Abstract
Background: Prognostic nutritional index (PNI), combining albumin and lymphocyte counts, which represent the nutritional and immune status, was considered as an effective predictor for the patient's prognosis after surgery. To comprehensively analyze the relative effectiveness of prognostic performance of pretreatment PNI in esophageal cancer (EC), we performed this meta-analysis.
Methods: We performed a systematic search in PubMed, Embase, CNKI, and Web of Science. The hazard ratios (HRs) or odds ratios (ORs) with their corresponding 95% confidence intervals (CIs) were extracted to explore the correlation between PNI and the post-operative survival of patients with EC, including overall survival (OS), recurrence-free survival (RFS), and post-operative complications. The Newcastle–Ottawa Scale (NOS) was applied to estimate the quality of the included studies. The Begg's test was applied to assess the publication bias.
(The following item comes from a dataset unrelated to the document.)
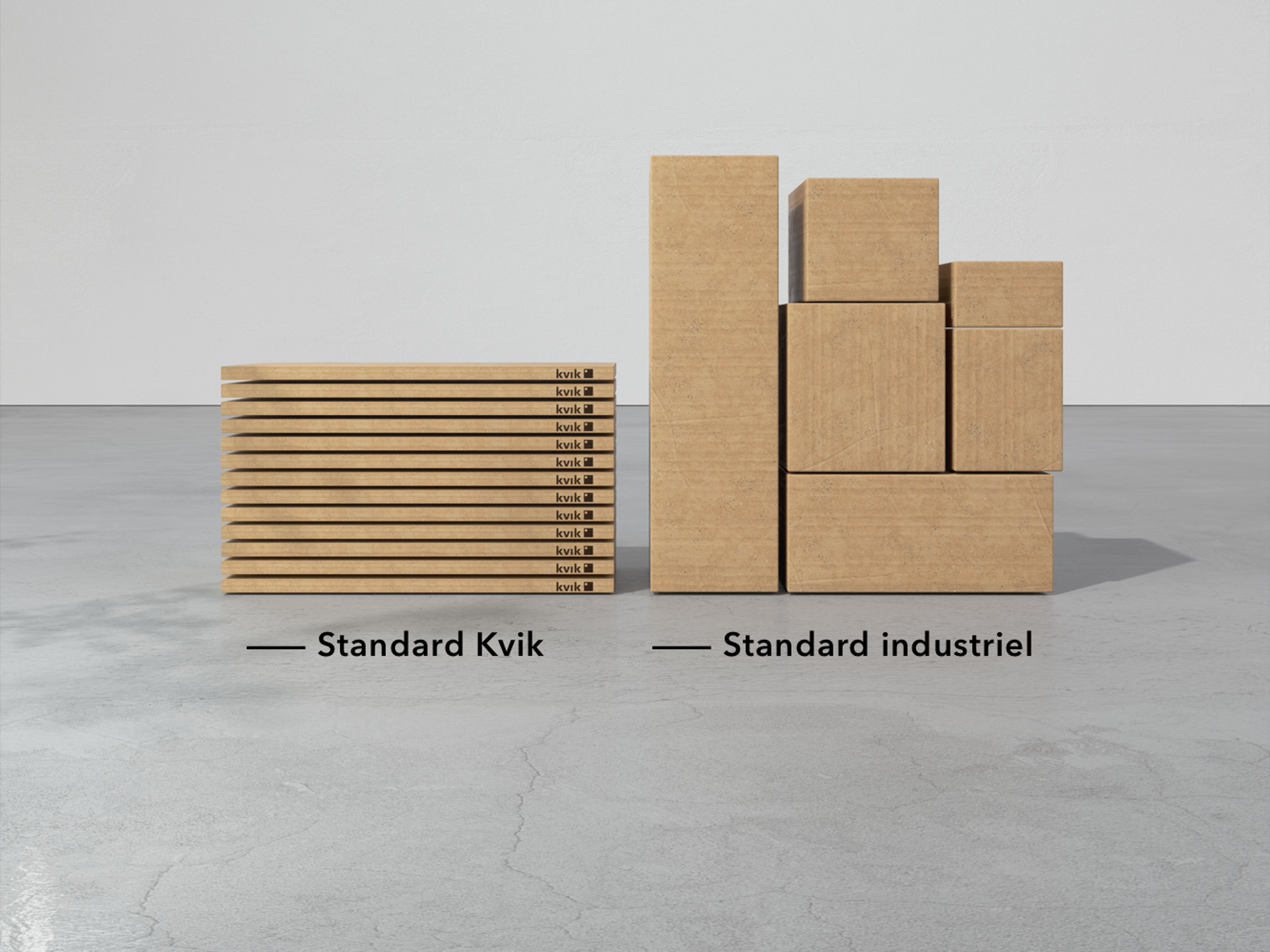Depuis le début, nous cherchons à défier les standards industriels et les manières de procéder. Nous avons constaté qu’une fois emballées à plat, 26 cuisines en kit pouvaient être transportées par camion. C’est quatre fois plus de cuisines dans chaque camion que la norme du secteur, qui préconise d’expédier les cuisines assemblées. Nous vous faisons profiter de ces économies.

Results: A total of 13 articles with 3,543 patients, were included in our meta-analysis, and nine studies reported OS in 2,731 EC patients. The pooled results of the nine studies suggested that EC patients with a low PNI would have a worse overall survival (HR = 1.14, 95% CI 0.99–1.31, p < 0.05). The integrated results also indicated that the PNI was a negative predictor for RFS.
Conclusion: This meta-analysis indicated a high correlation between PNI and post-operative survival of EC. EC patients with low PNI values tend to have worse OS and may be at a higher risk of EC recurrence. However, more relevant researches are needed to confirm the association between PNI and post-operative complications of EC.
Keywords: prognostic nutritional index, esophageal cancer, prognosis, meta-analysis, overall survival
Introduction
Esophageal cancer (EC) is a malignant lesion formed by abnormal proliferation of esophageal squamous epithelium or glandular epithelium (1, 2). EC is also the main causative factor of cancer-associated death worldwide, especially in several Eastern and Southern African countries (3). In 2018, it ranked seventh in terms of incidence and sixth in mortality (4). Nowadays, the surgical treatment is still an effective treatment for EC, but the operation for the body is more traumatic, so higher immune level and nutritional status of the patients are required to tolerate the surgical trauma (5). In spite of improvement in the administration and therapies of EC patients, the overall prognosis is still very poor (2). The poor prognosis and rising incidence of EC highlight the need for improved detection and prediction methods. Meanwhile, the detection of genetic biomarkers is very expensive and inconvenient, especially for patients in developing countries (6). Therefore, there is an urgent need to develop easily accessible, cheap, and effective indicators to predict the survival outcome of EC patients, which may help to improve the individualized treatment of EC patients.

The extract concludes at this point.